[Opening Exercise data section]
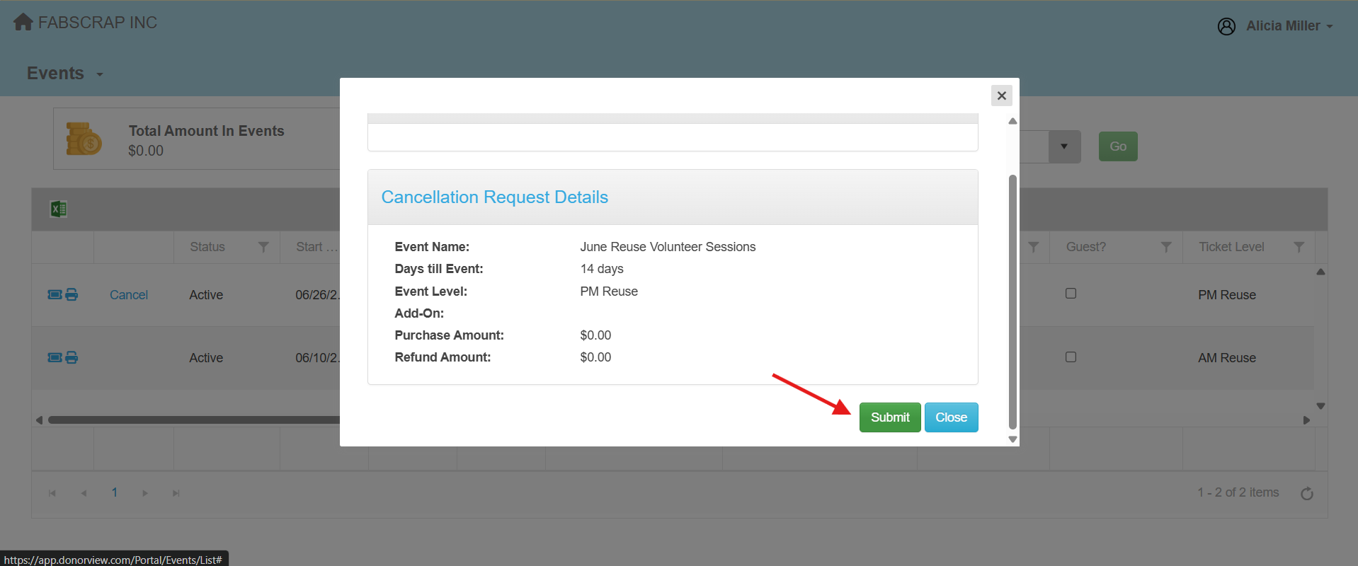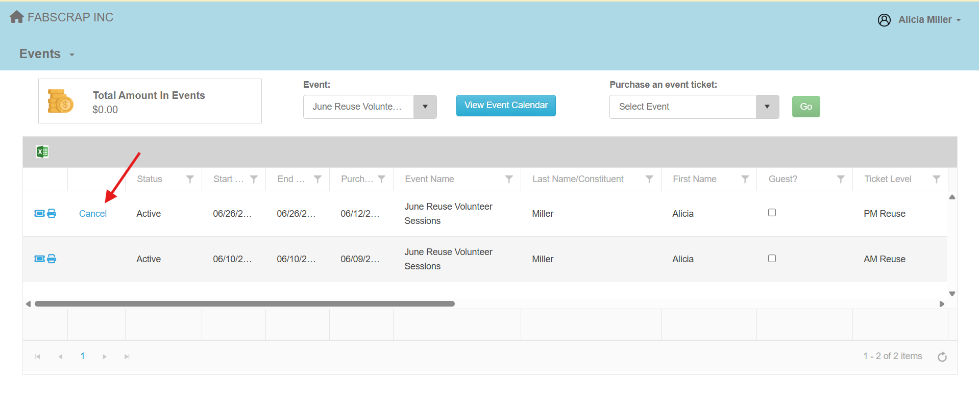 To cancel a volunteer session or event registrations in your Donorview account, follow these Step-by-step instructions to cancel your ticket.
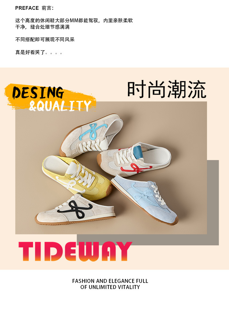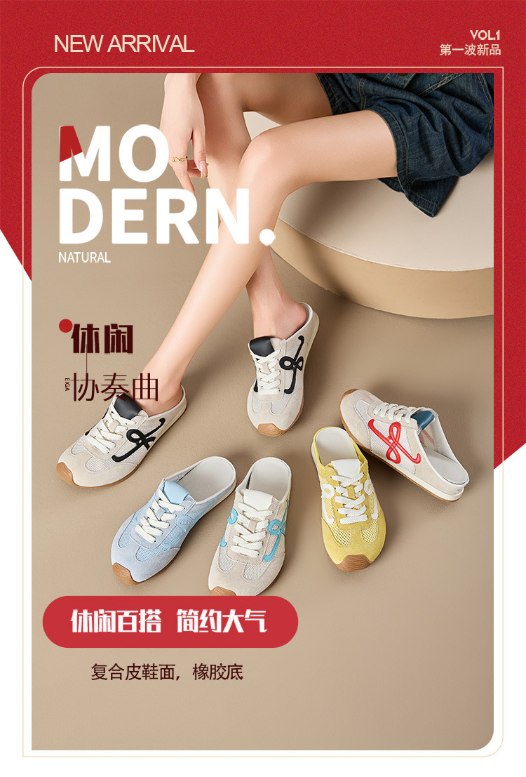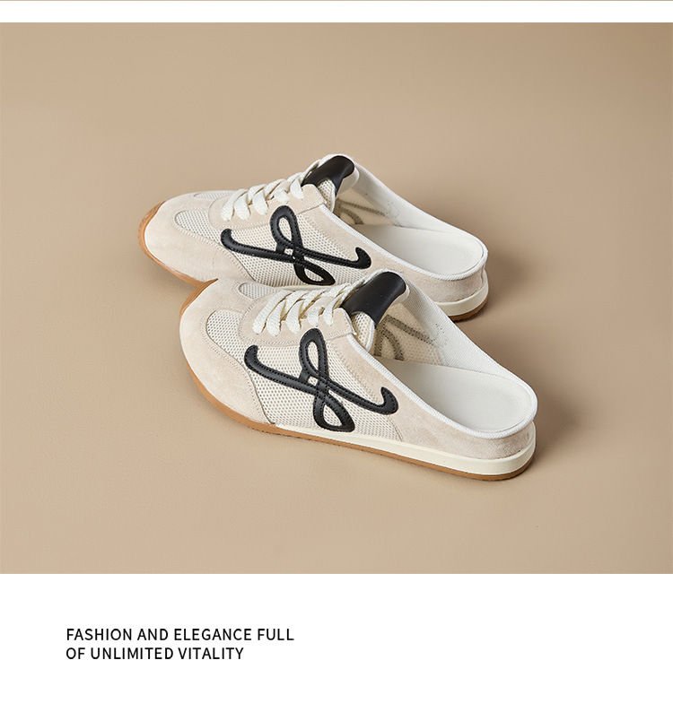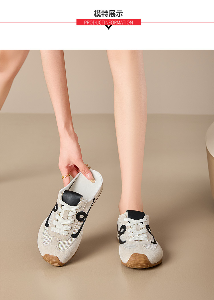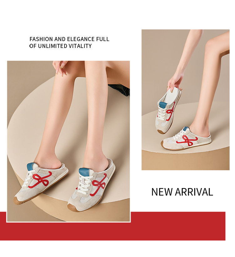 정품 가죽 Baotou Dexun 하프 슬리퍼 여성용 외부 착용 비뚤어진 머리 한 페달 게으른 캐주얼 슈즈와 함께 Big Mi Wang Yibo스토어 가기
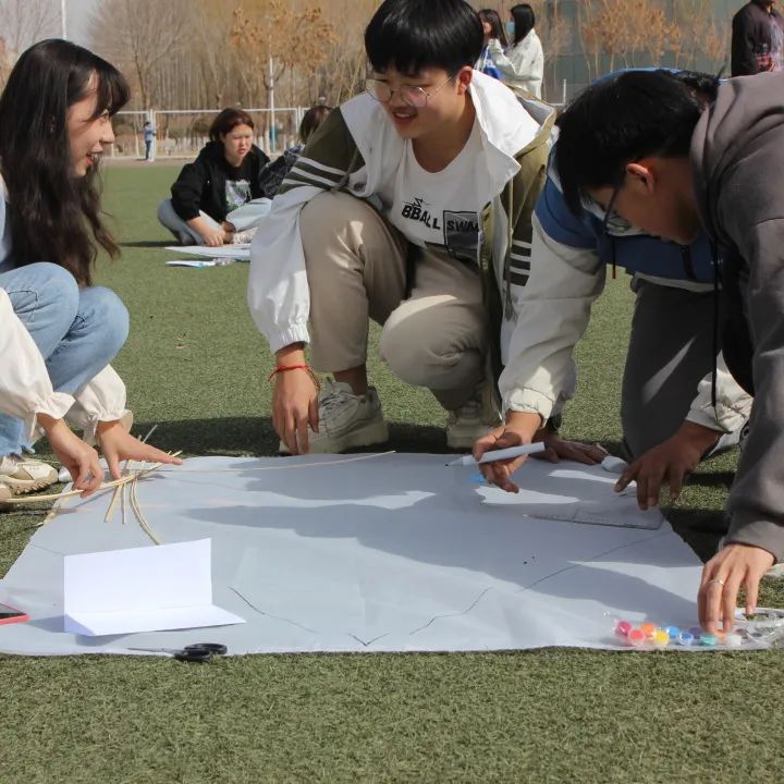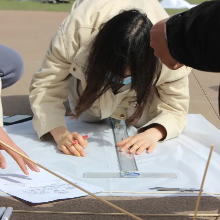 活动开始,主持人向参赛队伍宣布了活动的相关事宜并发放了活动材料。接下来进入活动制作过程,各小组在文萃校区运动场按照自己小组的创意在规定的制作时间进行风筝的制作。
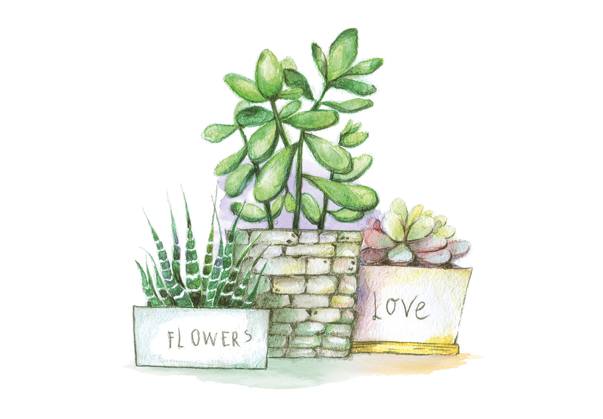 Акварельный скетч Суккуленты в горшках
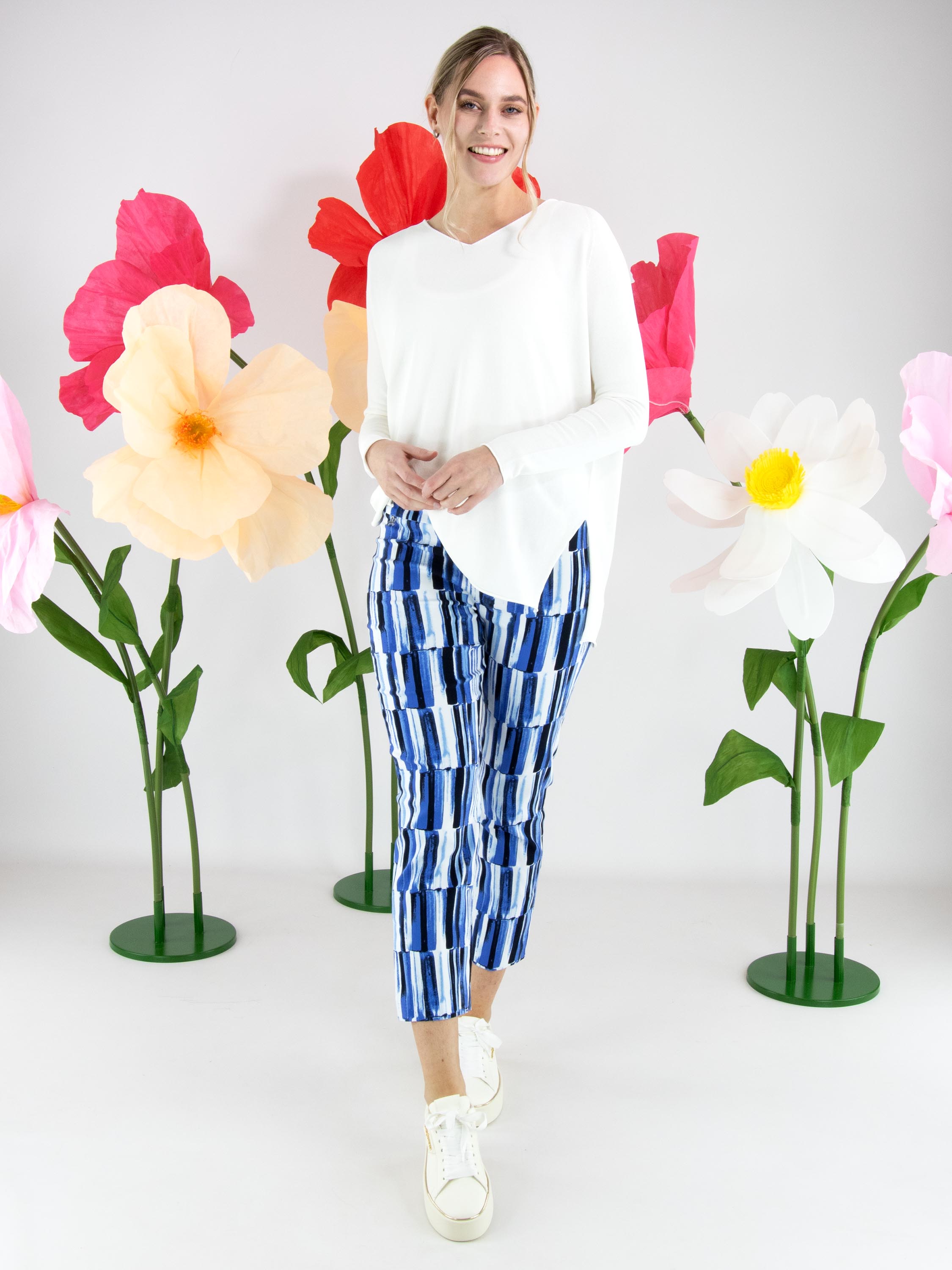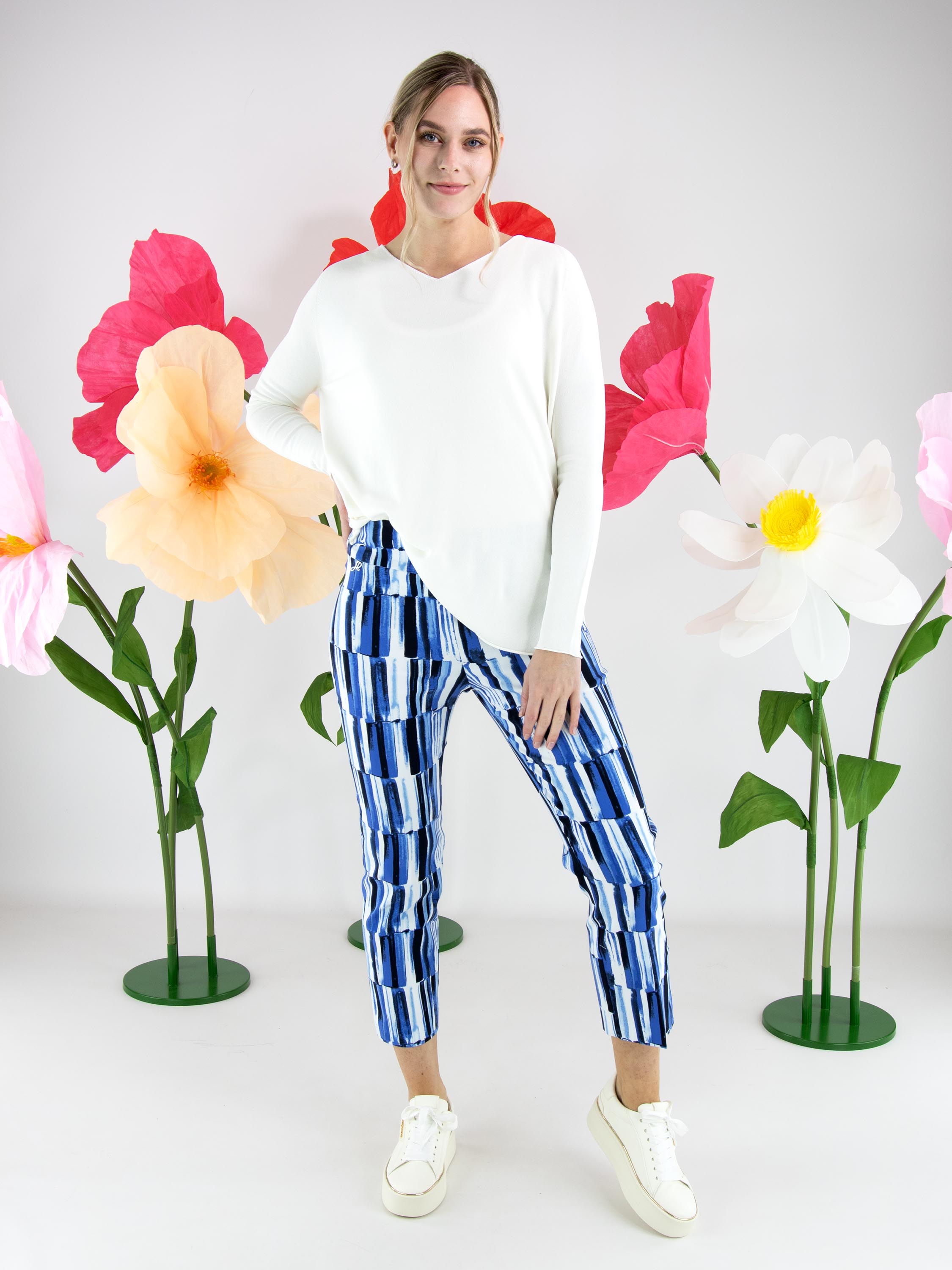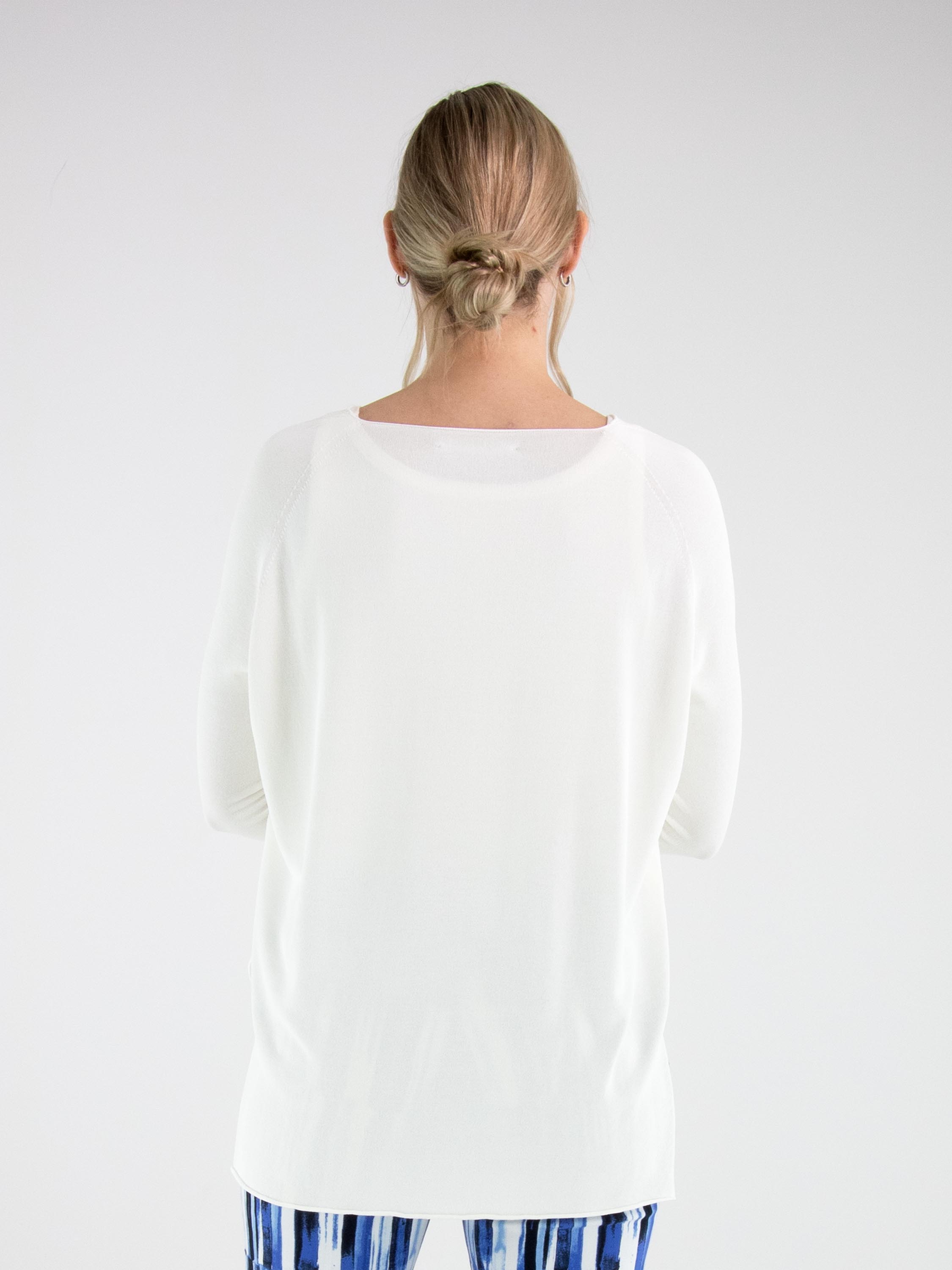 A pullover by Annette Görtz in cream white. The pullover features a V-neckline and long sleeves. Side slits are placed at the hem on both sides. The hem and the ends of the sleeves are finished with a ruffled edge. This pullover can be washed at 30 degrees.
[Closing Exercise data section]
#### [Aim of the exercise]
Please return the lines above exactly, with the pictures omitted.

#### [Task response]
 To cancel a volunteer session or event registrations in your Donorview account, follow these Step-by-step instructions to cancel your ticket.
 정품 가죽 Baotou Dexun 하프 슬리퍼 여성용 외부 착용 비뚤어진 머리 한 페달 게으른 캐주얼 슈즈와 함께 Big Mi Wang Yibo스토어 가기
 活动开始,主持人向参赛队伍宣布了活动的相关事宜并发放了活动材料。接下来进入活动制作过程,各小组在文萃校区运动场按照自己小组的创意在规定的制作时间进行风筝的制作。
 Акварельный скетч Суккуленты в горшках
 A pullover by Annette Görtz in cream white. The pullover features a V-neckline and long sleeves. Side slits are placed at the hem on both sides. The hem and the ends of the sleeves are finished with a ruffled edge. This pullover can be washed at 30 degrees.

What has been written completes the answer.